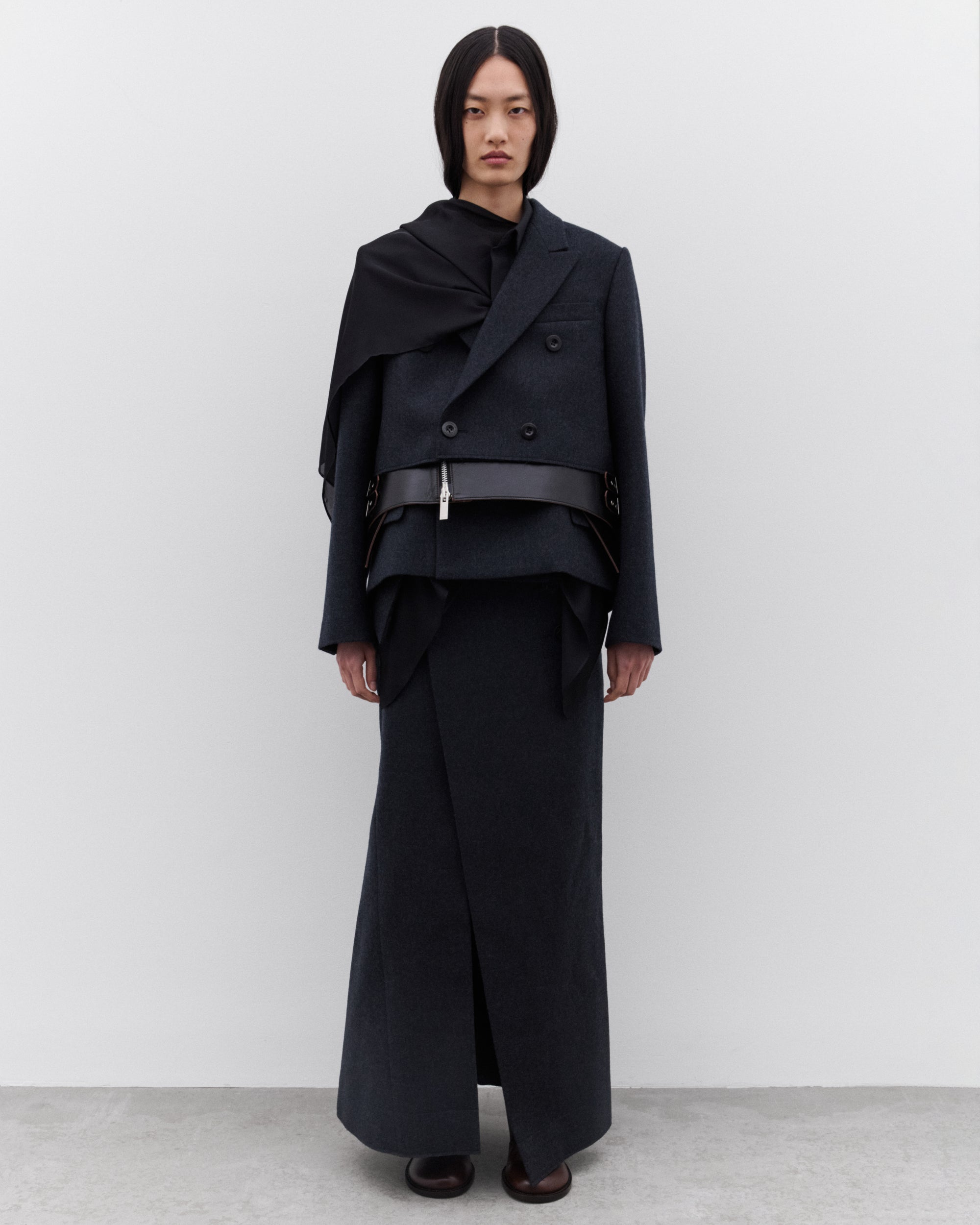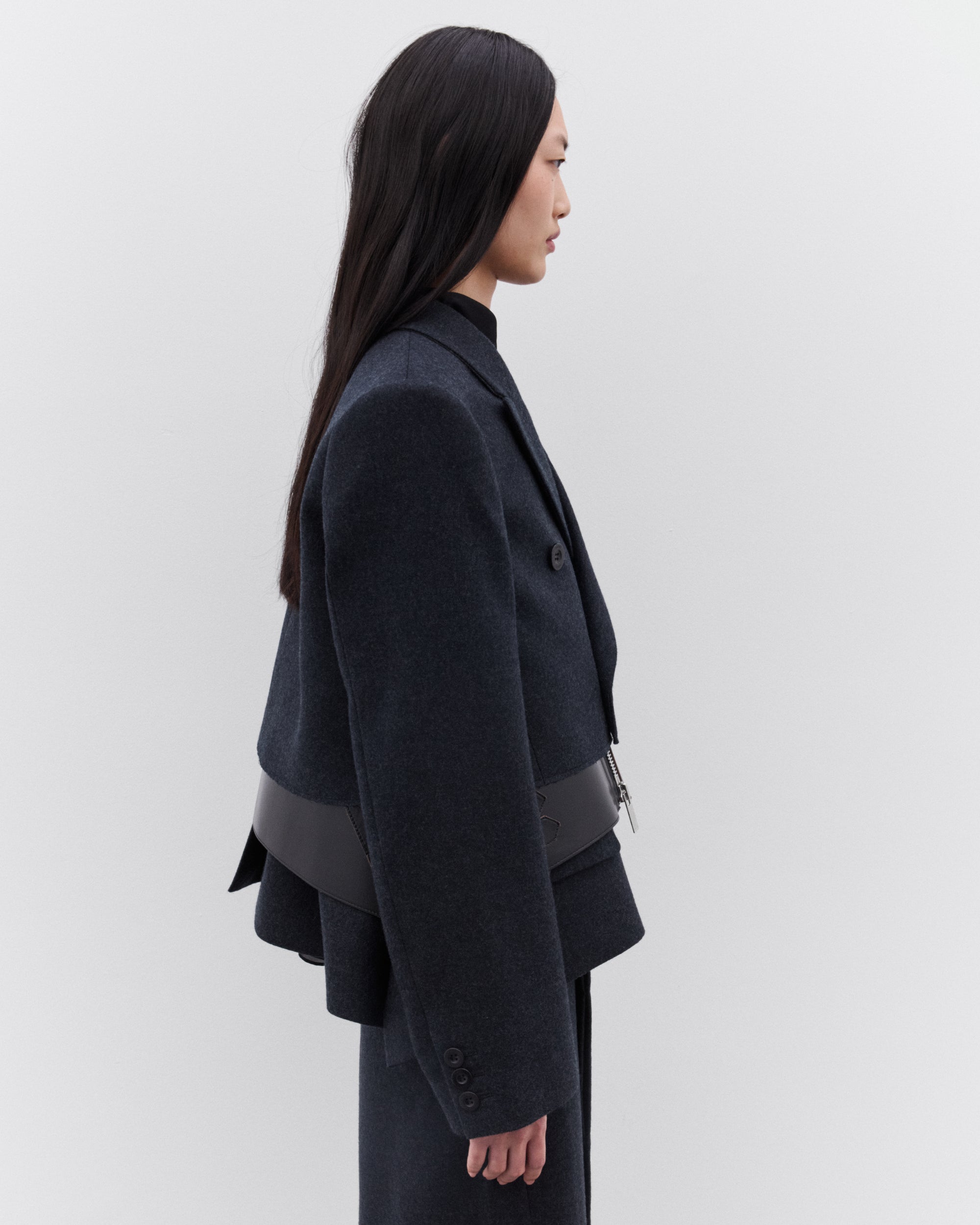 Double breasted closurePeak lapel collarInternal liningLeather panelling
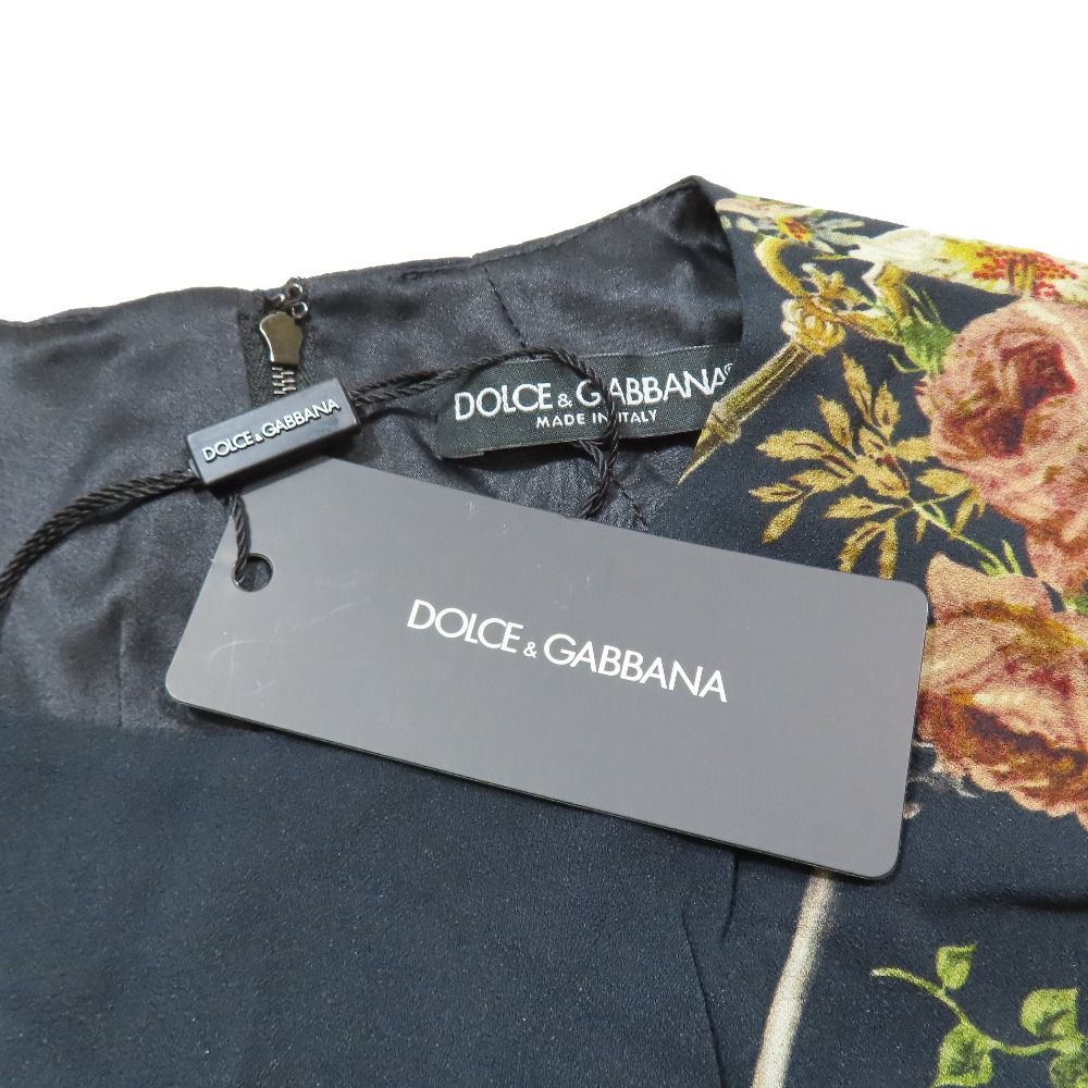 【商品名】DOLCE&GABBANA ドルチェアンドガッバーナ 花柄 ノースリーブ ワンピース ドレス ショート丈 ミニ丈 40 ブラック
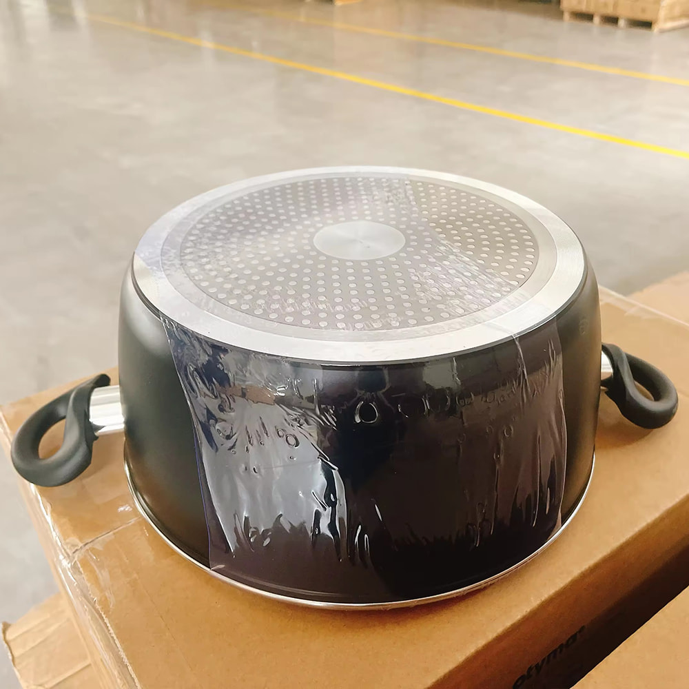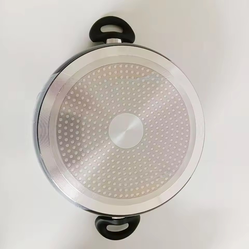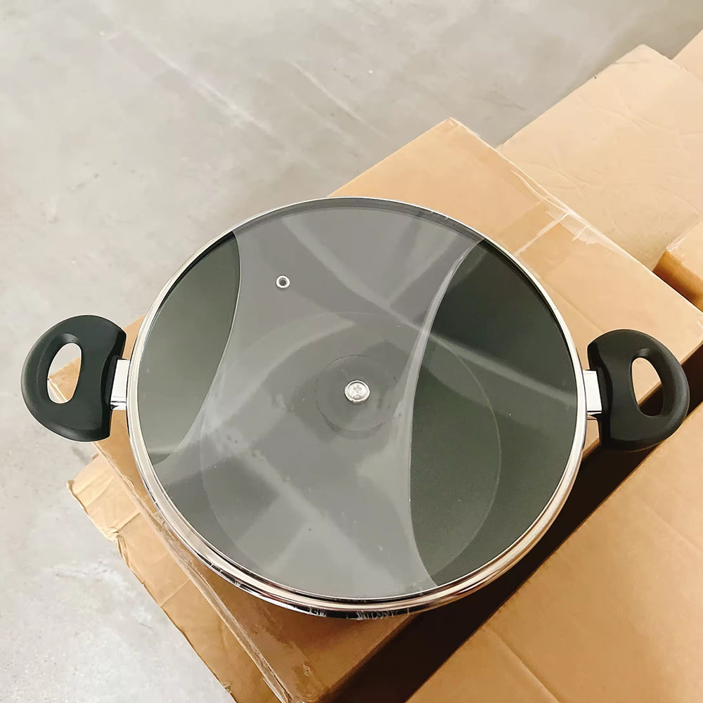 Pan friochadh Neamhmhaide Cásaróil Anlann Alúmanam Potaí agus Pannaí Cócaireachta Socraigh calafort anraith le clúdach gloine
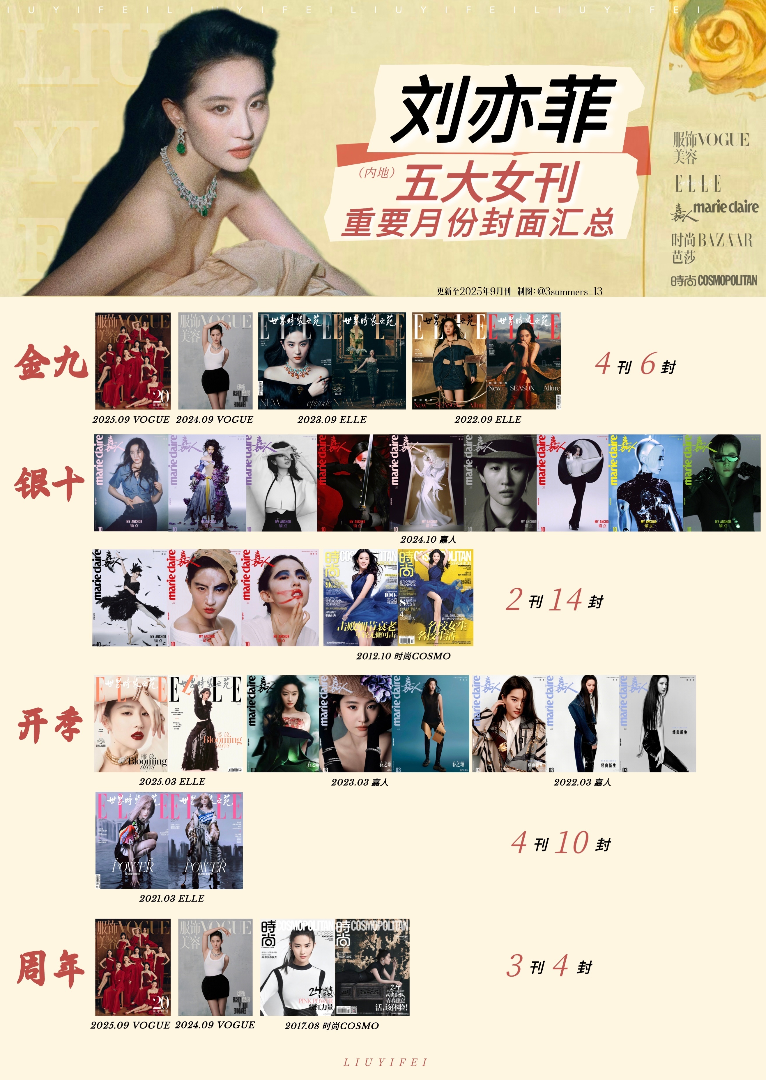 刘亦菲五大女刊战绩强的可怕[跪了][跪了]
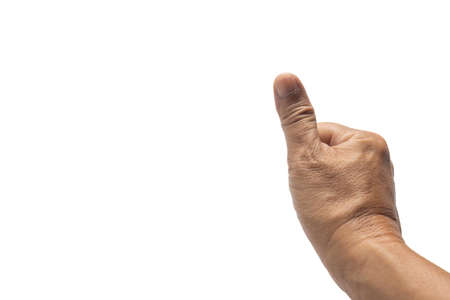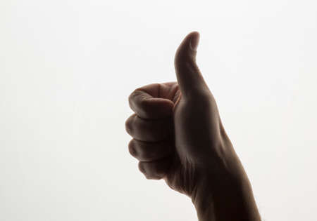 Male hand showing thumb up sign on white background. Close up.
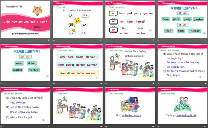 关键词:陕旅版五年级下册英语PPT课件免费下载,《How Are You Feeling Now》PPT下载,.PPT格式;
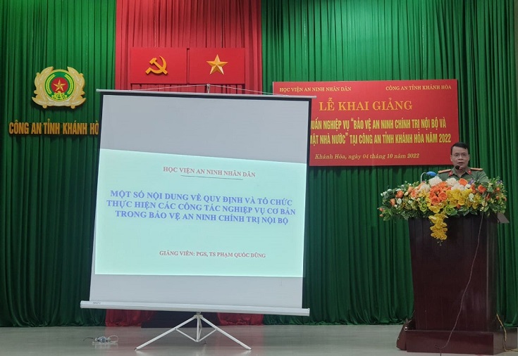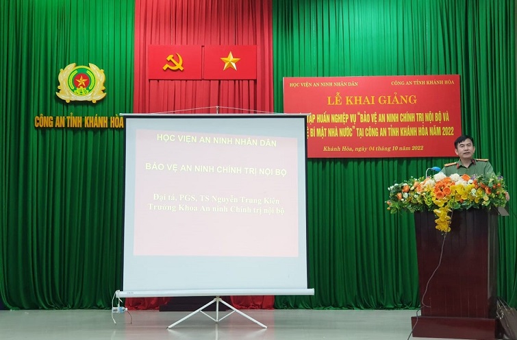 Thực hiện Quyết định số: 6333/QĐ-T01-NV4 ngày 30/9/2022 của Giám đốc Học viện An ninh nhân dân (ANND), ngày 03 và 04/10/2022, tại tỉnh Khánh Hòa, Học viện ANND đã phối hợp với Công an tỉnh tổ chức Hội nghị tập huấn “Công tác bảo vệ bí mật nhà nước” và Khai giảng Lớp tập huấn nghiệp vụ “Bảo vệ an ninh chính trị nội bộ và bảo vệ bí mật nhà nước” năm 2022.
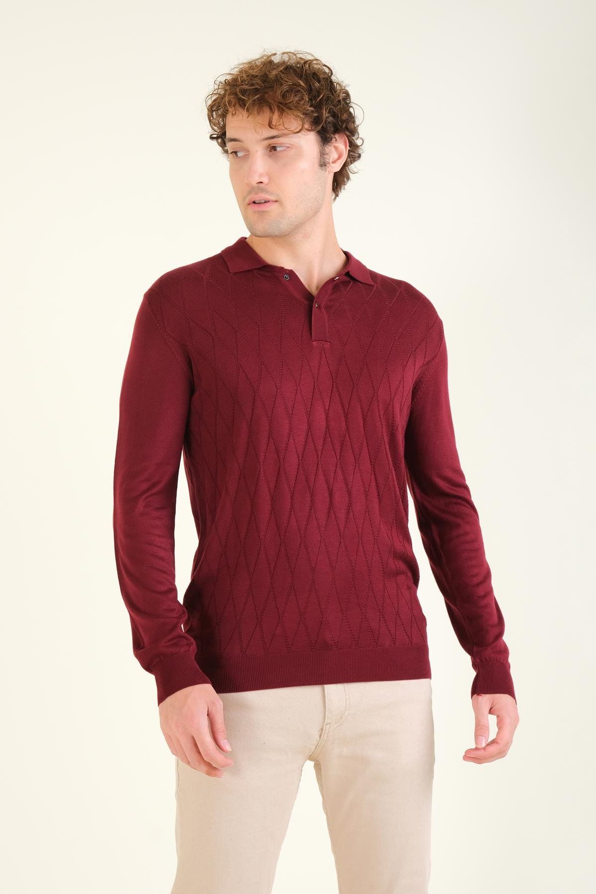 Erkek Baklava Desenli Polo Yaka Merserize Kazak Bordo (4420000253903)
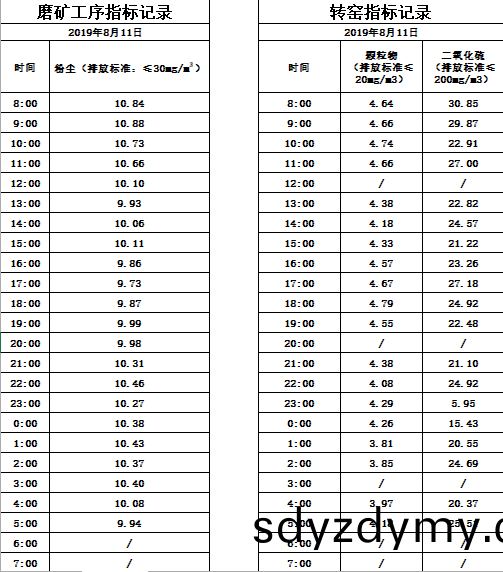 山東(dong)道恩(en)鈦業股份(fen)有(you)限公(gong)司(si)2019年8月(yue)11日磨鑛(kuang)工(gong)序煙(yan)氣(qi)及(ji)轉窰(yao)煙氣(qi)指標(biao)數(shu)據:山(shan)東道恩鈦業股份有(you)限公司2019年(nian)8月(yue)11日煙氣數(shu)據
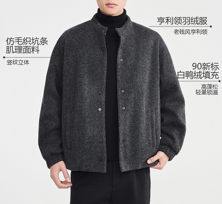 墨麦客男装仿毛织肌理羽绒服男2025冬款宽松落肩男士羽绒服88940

■ Task statement ■
Repeat the lines above exactly, and keep every picture out.

■ Exercise response ■
 Double breasted closurePeak lapel collarInternal liningLeather panelling
 【商品名】DOLCE&GABBANA ドルチェアンドガッバーナ 花柄 ノースリーブ ワンピース ドレス ショート丈 ミニ丈 40 ブラック
 Pan friochadh Neamhmhaide Cásaróil Anlann Alúmanam Potaí agus Pannaí Cócaireachta Socraigh calafort anraith le clúdach gloine
 刘亦菲五大女刊战绩强的可怕[跪了][跪了]
 Male hand showing thumb up sign on white background. Close up.
 关键词:陕旅版五年级下册英语PPT课件免费下载,《How Are You Feeling Now》PPT下载,.PPT格式;
 Thực hiện Quyết định số: 6333/QĐ-T01-NV4 ngày 30/9/2022 của Giám đốc Học viện An ninh nhân dân (ANND), ngày 03 và 04/10/2022, tại tỉnh Khánh Hòa, Học viện ANND đã phối hợp với Công an tỉnh tổ chức Hội nghị tập huấn “Công tác bảo vệ bí mật nhà nước” và Khai giảng Lớp tập huấn nghiệp vụ “Bảo vệ an ninh chính trị nội bộ và bảo vệ bí mật nhà nước” năm 2022.
 Erkek Baklava Desenli Polo Yaka Merserize Kazak Bordo (4420000253903)
 山東(dong)道恩(en)鈦業股份(fen)有(you)限公(gong)司(si)2019年8月(yue)11日磨鑛(kuang)工(gong)序煙(yan)氣(qi)及(ji)轉窰(yao)煙氣(qi)指標(biao)數(shu)據:山(shan)東道恩鈦業股份有(you)限公司2019年(nian)8月(yue)11日煙氣數(shu)據
 墨麦客男装仿毛织肌理羽绒服男2025冬款宽松落肩男士羽绒服88940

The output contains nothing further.